As luck would have it, this area is now littered by warning signs.

"Nelly, do you never dream queer dreams?" It is at this point in Ellen Dean's narrative that we truly enter the dream that is the dream of Wuthering Heights. We are presented with the most important clue - and most often quoted lines - of the entire novel: "My love for Linton is like the foliage in the woods: time will change it, I'm well aware, as winter changes the trees. My love for Heathcliff resembles the eternal rocks beneath: a source of little visible delight, but necessary. Nelly, I AM Heathcliff! He's always, always in my mind: not as a pleasure, any more than I am always a pleasure to myself, but as my own being."

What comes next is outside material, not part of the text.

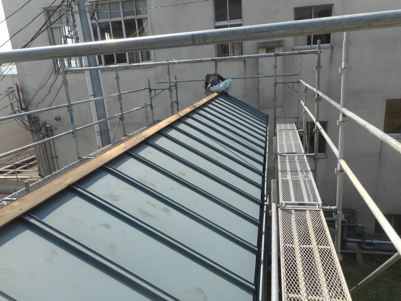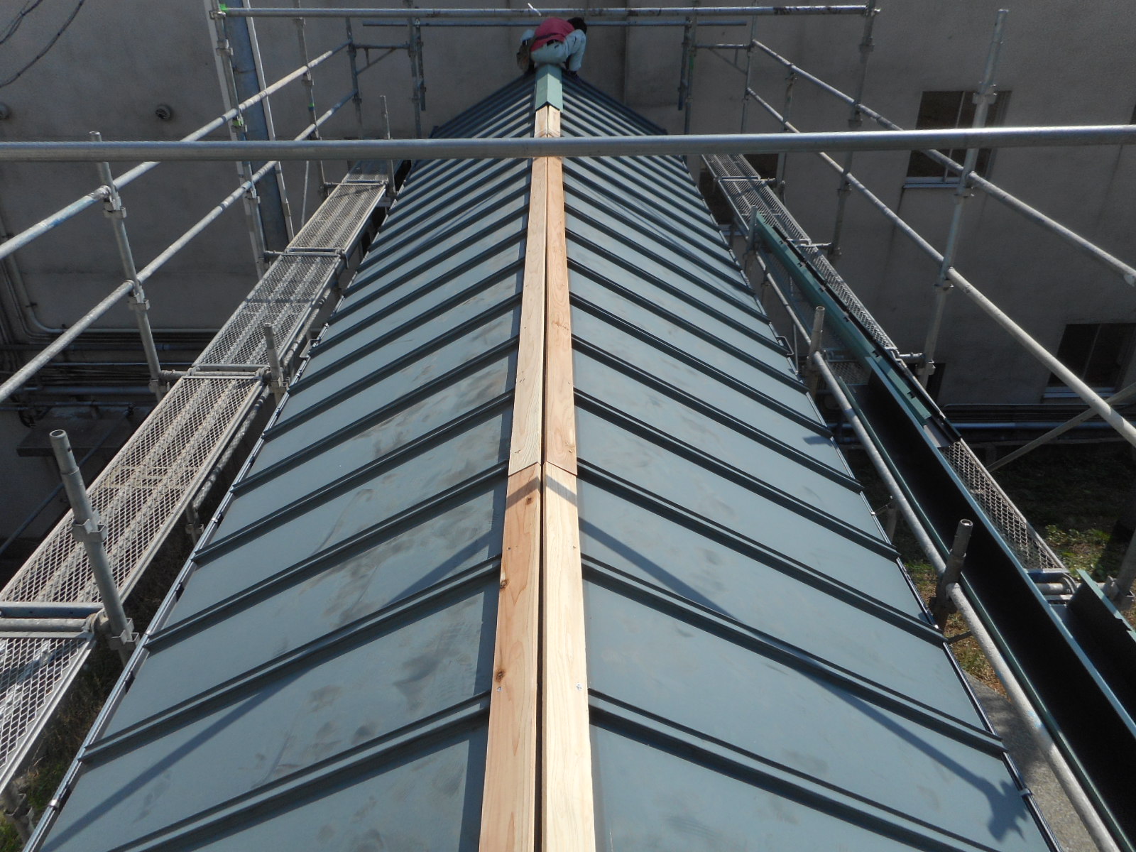 棟の板金を全面下地から張替え、屋根全体を塗装することにしました。

Of course, critics have numerous spins on Catherine's "confession." Generally it is seen in an entirely romantic light: the passionate, obsessive, all consuming love that humans aspire to but rarely attain. Others see it in a mystical light - a human's desire for reunion with the Godhead, or a symbolic interpretation of the forces of nature: the wild and windy moors as a metaphor for human passion. Psychologists interpret it as a desire to return to the all-encompassing womb of the unborn, or an intimation of the failure of love inherent in any clash between two immature, narcissist personalities. Some early feminists, like Simone de Beauvoir,* saw it as women's preconditioned destiny of relinquishing self-hood and autonomy to the dominant male in their lives. I can, to some slim degree, agree with all but the last of these observations, at least in terms of the actual story.

Because, with all due respect to Simone de Beauvoir - and in consideration of the issues feminists dealt with at the time - her analysis of Catherine's true nature falls short. Catherine Earnshaw was not the example of a woman who would allow her identity to be absorbed by another human of any description, let alone relinquish her autonomy. Again and again, Brontë reminds us - via Ellen Dean and even Heathcliff - that Catherine was "selfish" and willfull. She was a force to be reckoned with in her own right. If anything, in terms of their relationship, the desire to absorb and to be absorbed was the goal of both Heathcliff and Catherine. And, in this we can make an almost alchemical reference to their union. It is, in essence, the bedrock, the philosopher's stone upon which the entire novel revolves and resonates. Regardless of what occurs before or after their deaths, it is their undying, indomitable spirits which peer out to us at the end of the book, regardless of Lockwood's dismissal, and - as a tribute to Emily's power and influence as a writer - remain with us throughout our lives. Whoever they are, or, more precisely, whatever they are, is elemental and integral to human nature; possibly more so than nature itself.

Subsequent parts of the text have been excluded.